• **Dataset entries**:
Segment Open

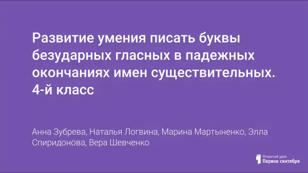 Развитие умения писать буквы безударных гласных в падежных окончаниях имен существительных. 4-й класс
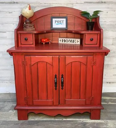 Rustic barn red cabinet. Solid wood and very sturdy. All 1 piece. Drawers are dovetailed. Dark waxing for a distressed farmhouse style. Width - 42 Depth - 19 H 8 - 53 H 8 in between top shelves - 6 $355 located in Canby. No holds. Purchase directly through our website and view our inventory. Www.postfurnishings.com Text 541-490-6212 Entryway, farm life, chicken, hutch, storage, kitchen, bar,
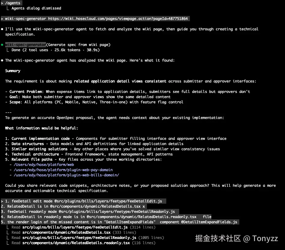 基于上面的流程,可以创建了一个 wiki-spec-generator agent。
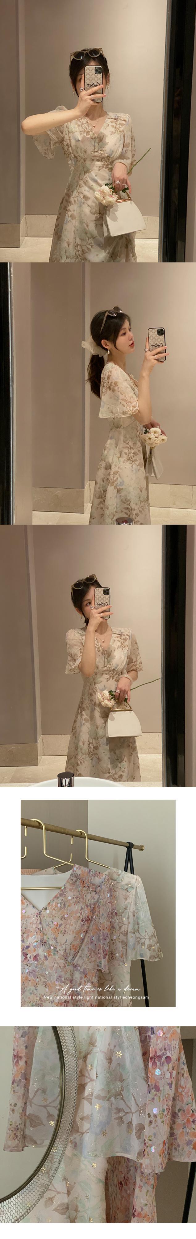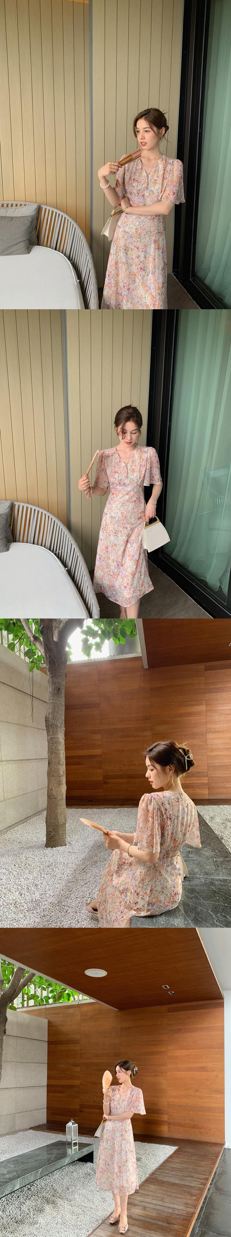 ミスシマリス福祉クリアランス[夢のような夢]Vネックフローラルドレス missi71326787311
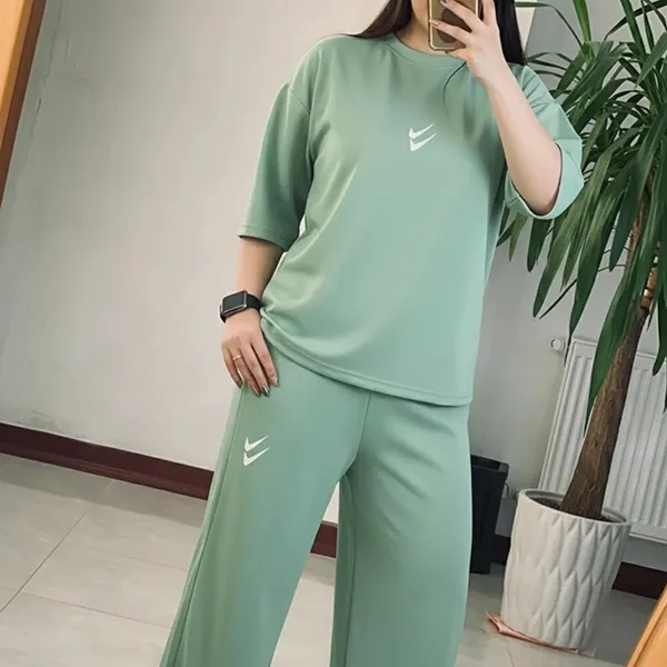 ست تیشرت شلوار مدل: دونایک جنس پارچه: گلکسی دور سینه: 128 سانتی متر قد تیشرت: 68 سانتی متر قد آستین از یقه: 45 سانتی متر قد شلوار: 105 سانتی متر سایزبندی: فری سایز مناسب سایز های 38 تا 46
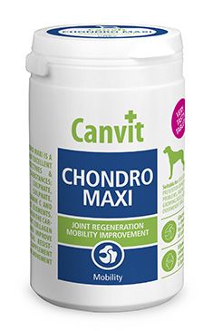 Canvit Chondro Maxi je kombinací unikátních chondroprotektivních a bioaktivních látek pro velké psy: chondroitin sulfátu, glukosamin sulfátu, kolagenu, vitamínu C a organicky vázaných stopových prvků. Tyto látky posilují chrupavku, zvyšují mechanickou odolnost kloubů, zpevňují vazy a šlachy a celkově přispívají ke zlepšení pohyblivosti.
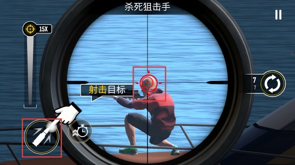4、后续在【杀死劫持者】任务中,同样用瞄准镜锁定,并注意子弹数量,把握时机,避过人质,狙杀罪犯,守护城市安全。
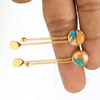 Hot Selling Design Spiny Oyster Copper Turquoise Solid 925 Silver 18k Gold Plated Dangle Drop Heggie Hoop Stud Earring for Women
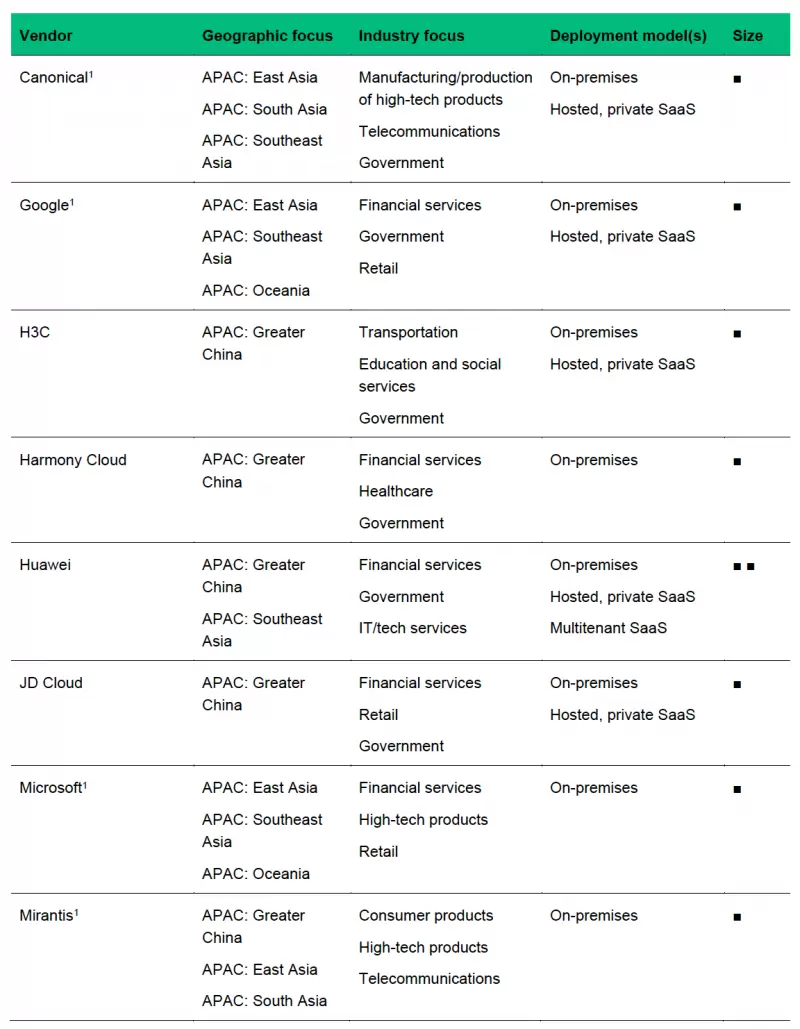 Forrester发布:亚太区多云容器平台市场格局,中国厂商占据半壁江山
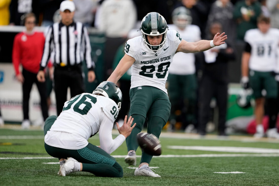 Michigan State kicker Martin Connington (29) kicks a field goal during the first half of an NCAA college football game against Iowa, Saturday, Nov. 22, 2025, in Iowa City, Iowa.

Segment Closed

• **WHAT YOU SHOULD DO**: The lines from the one containing "ست تیشرت شلوار" through the last line above are to be repeated exactly, and only those. Any pictures must be left out.

• **RESPONSE AREA**:
 ست تیشرت شلوار مدل: دونایک جنس پارچه: گلکسی دور سینه: 128 سانتی متر قد تیشرت: 68 سانتی متر قد آستین از یقه: 45 سانتی متر قد شلوار: 105 سانتی متر سایزبندی: فری سایز مناسب سایز های 38 تا 46
 Canvit Chondro Maxi je kombinací unikátních chondroprotektivních a bioaktivních látek pro velké psy: chondroitin sulfátu, glukosamin sulfátu, kolagenu, vitamínu C a organicky vázaných stopových prvků. Tyto látky posilují chrupavku, zvyšují mechanickou odolnost kloubů, zpevňují vazy a šlachy a celkově přispívají ke zlepšení pohyblivosti.
4、后续在【杀死劫持者】任务中,同样用瞄准镜锁定,并注意子弹数量,把握时机,避过人质,狙杀罪犯,守护城市安全。
 Hot Selling Design Spiny Oyster Copper Turquoise Solid 925 Silver 18k Gold Plated Dangle Drop Heggie Hoop Stud Earring for Women
 Forrester发布:亚太区多云容器平台市场格局,中国厂商占据半壁江山
 Michigan State kicker Martin Connington (29) kicks a field goal during the first half of an NCAA college football game against Iowa, Saturday, Nov. 22, 2025, in Iowa City, Iowa.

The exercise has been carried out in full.